From: Francis E Reyes
Date: 10 April 2012 16:22

Hi all,

Assume that the diffraction resolution is low (say 3.0A or worse) and the model (a high resolution homologue, from 2A xray data is available) was docked into experimental phases (say 4A or worse) and extended to the 3.0A data using refinement (the high resolution model as a source of restraints). There are some conformational differences between the high resolution model and the target crystal.

The author observes that in the 2fofc map at 3A, most of the model shows reasonable density, but for a stretch of backbone the density is weak.

Is the weakness of the density in this region because of disorder or bad model phases?


Would love people's thoughts on this one,

F


---------------------------------------------
Francis E. Reyes M.Sc.

----------
From: Tim Gruene 


Dear Francis,

the phases calculated from the model affect the whole unit cell hence it
is more likely this is real(-space, local) disorder rather than poor
phases.

Regards,
Tim

P.S.: The author should not look at an 2fofc-map but a
sigma-A-weighted map to reduce model bias.
- --
- --
Dr Tim Gruene

----------
From: Dale Tronrud
  The phases do have effects all over the unit cell but that does not
prevent them from constructively and destructively interfering with one
another in particular locations.  Some years ago I refined a model of
the bacteriochlorophyll containing protein to a 1.9 A data set when the
sequence of that protein was unknown.  This is primarily a beta sheet
protein and a number of the loops between the strands were disordered.
Later the amino acid sequence was determined and I finished the refinement
after building in these corrections.  The same data set was used, but
a number of the loops had become "ordered".  While the earlier model
(3BCL) had 357 amino acids the final model (4BCL) had 366.

  These nine amino acids didn't become ordered over the intervening
years.  They were just as ordered when I was building w/o a sequence,
it is just that I couldn't see how to build them based on the map's
appearance.

  One possibility is that the density for these residues was weak
and the noise (that was uniform over the entire map) obliterated their
signal where it only obscured the stronger density.  Another possibility
is that the better model had a better match of the low resolution F's
and less intense ripples radiating from the surface of the molecule,
resulting in things "sticking out" being less affected.
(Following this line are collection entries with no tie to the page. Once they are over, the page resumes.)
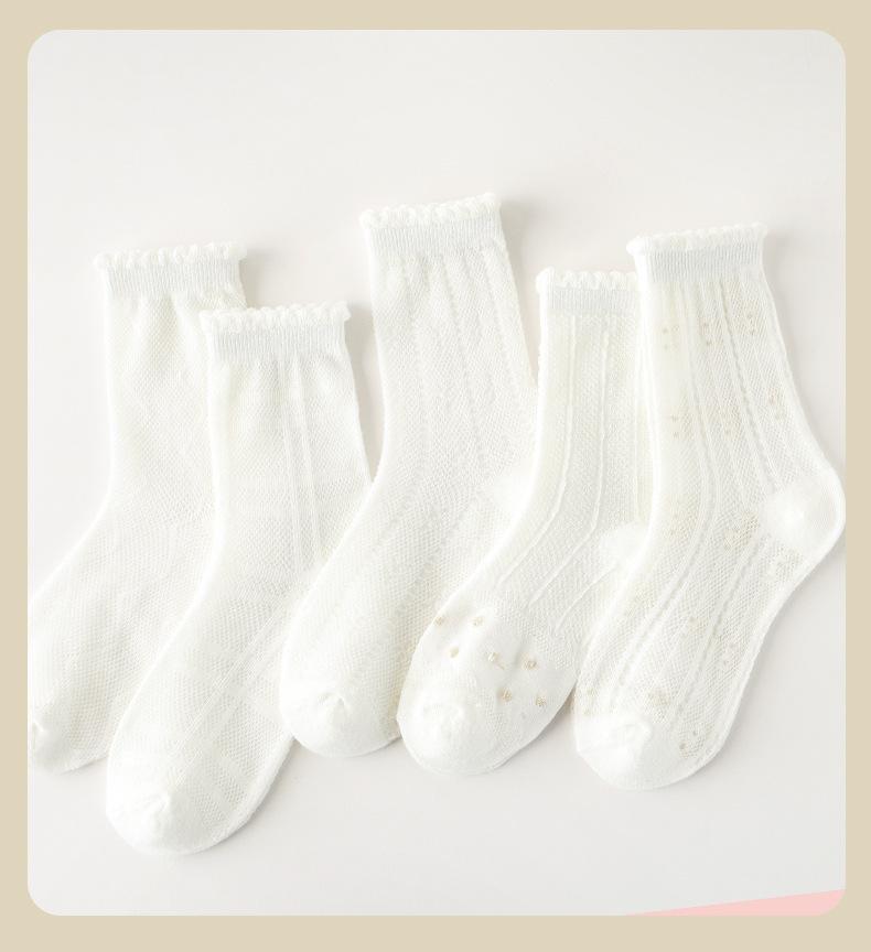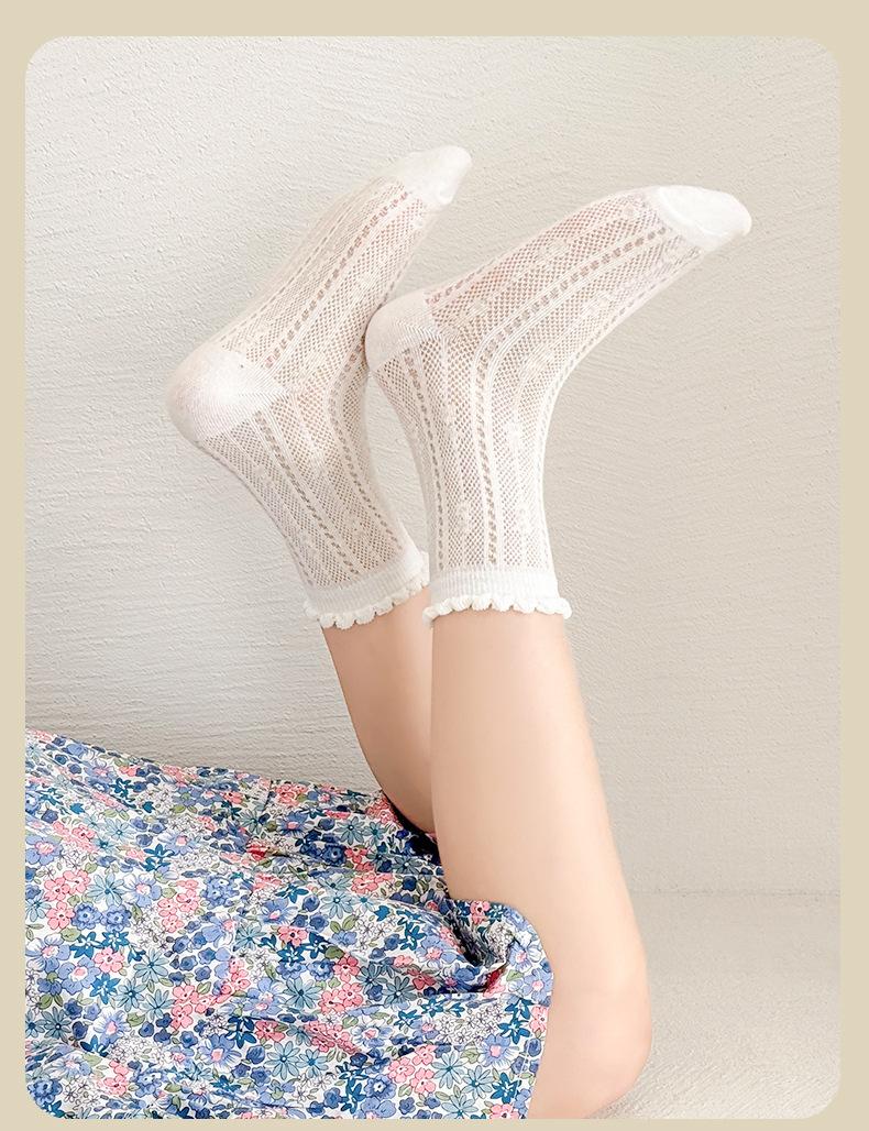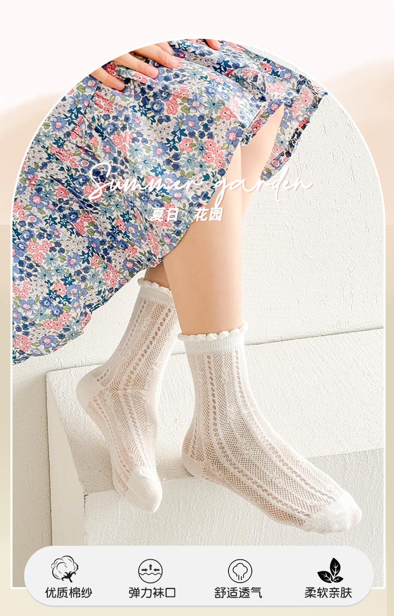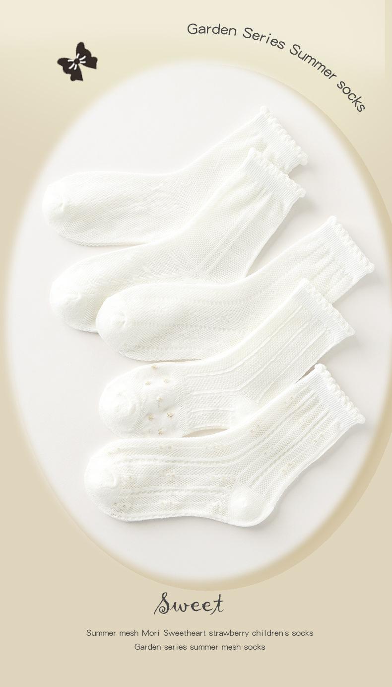 Meias de verão para meninas, meias finas de algodão, leves e respiráveis, lolita, branco, doce, estilo princesa, meias infantis
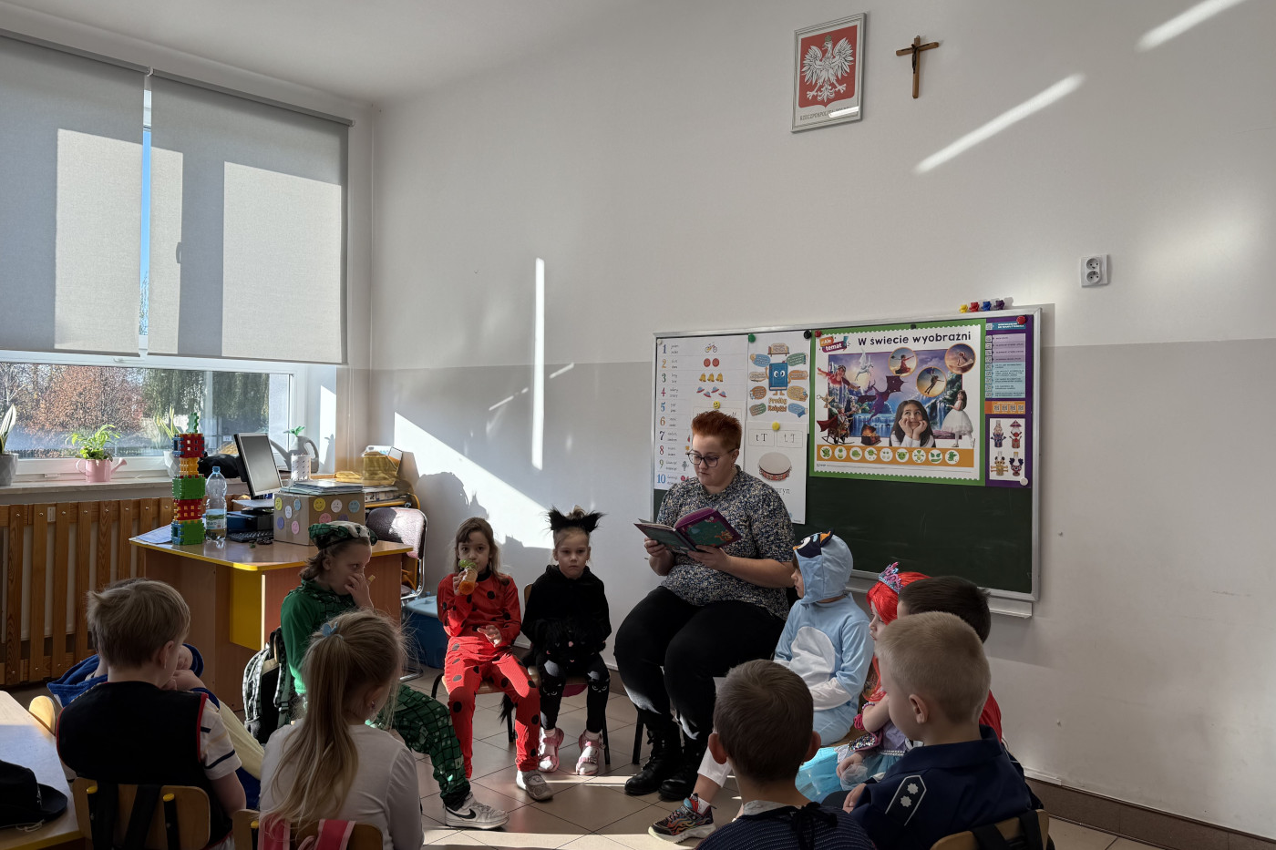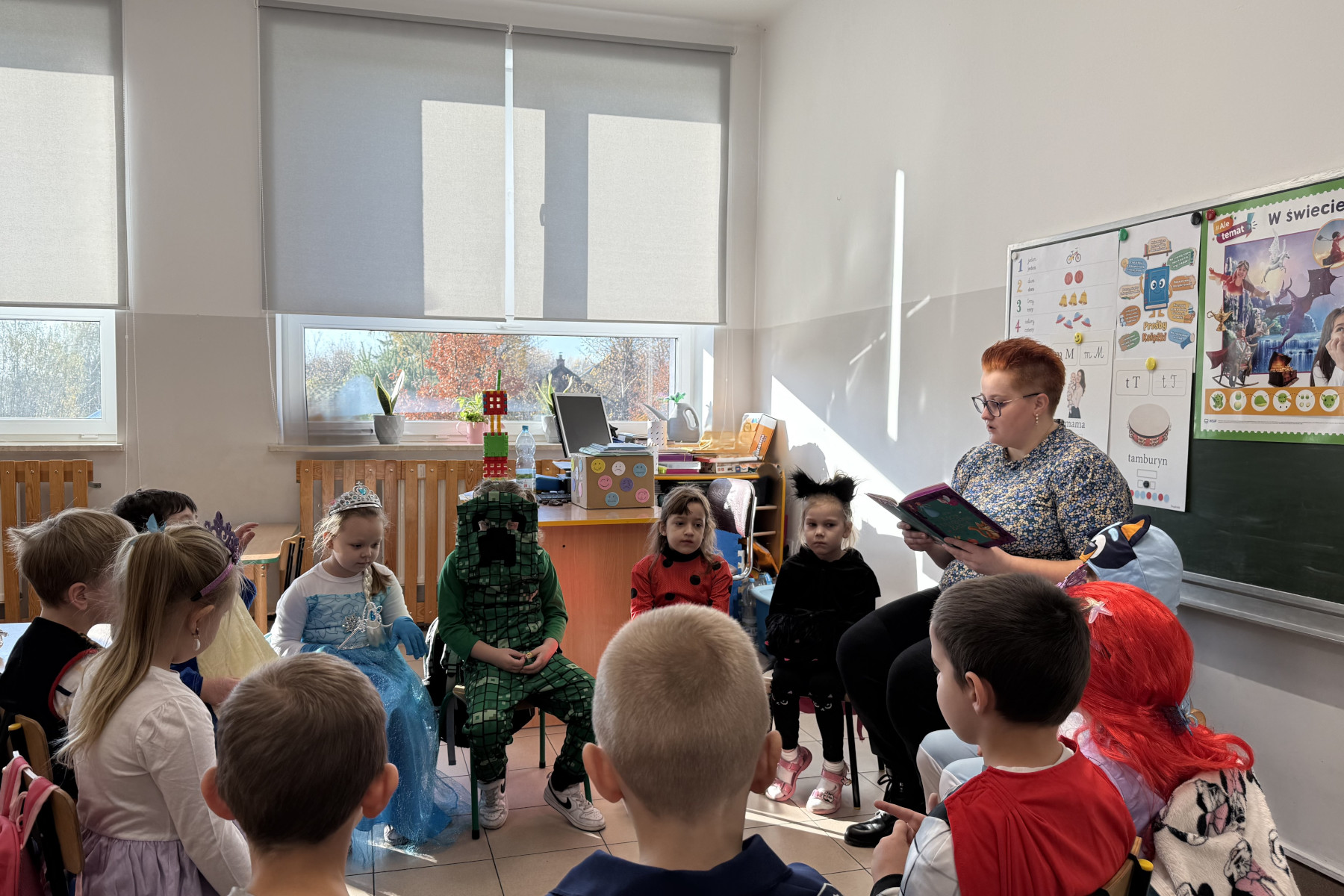 W grupie dzieci 3- 4- letnich, dzień rozpoczęliśmy od powitania i prezentacji strojów. Każde dziecko mogło pochwalić się swoim przebraniem i opowiedzieć, z jakiej bajki pochodzi jego postać. Następnie, najmłodsi uczestniczyli w różnorodnych zabawach związanych z bajkami – rozwiązywały zagadki, układały puzzle z bohaterami oraz brały udział w quizie wiedzy bajkowej. Nie zabrakło też wspólnego tańca i bajek czytanych przez nauczyciela.
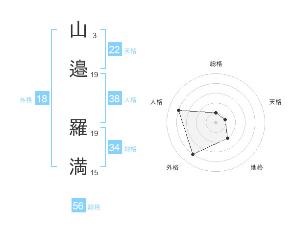 山邉 羅満さんを姓名の画数から五運を鑑定
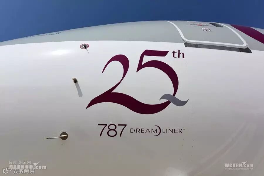 卡塔尔航空本月5日刚接收的第25架波音787-8客机在本次迪拜航展进行了展示。
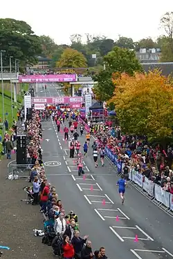 ![]() Runners finishing the Yorkshire Marathon in 2015 | |

  Whatever the details, the density for these amino acids were too
weak to model with the poorer model phases and became buildable with
better phases.  The fact that they could not be seen in the early map
was not an indication that they were "disordered".

  The first six amino acids of this protein have never been seen in
any map, including the 1.3 A resolution model 3EOJ (which by all rights
should have been called 5BCL ;-) ).  These residues appear to be truly
disordered.  Going back to 3BCL - The map for this model is missing
density for a number of residues of which we know some are disordered
and some simply unmodelable because of the low quality of the phases.
I don't know of a way, looking at that map alone, of deciding which
is which.  Because of this observation I don't believe it is supportable
to say "I don't see density for these atoms therefore they must be
disordered."  Additional evidence is required.

Dale Tronrud


----------
From: Francis E Reyes
Dale

Thank you for the case study. I will certainly remember it when I next see:

> "I don't see density for these atoms therefore they must be
> disordered."

You do mention though, that when you were able to assign the sequence to the beta sheets, that the loop regions became clear.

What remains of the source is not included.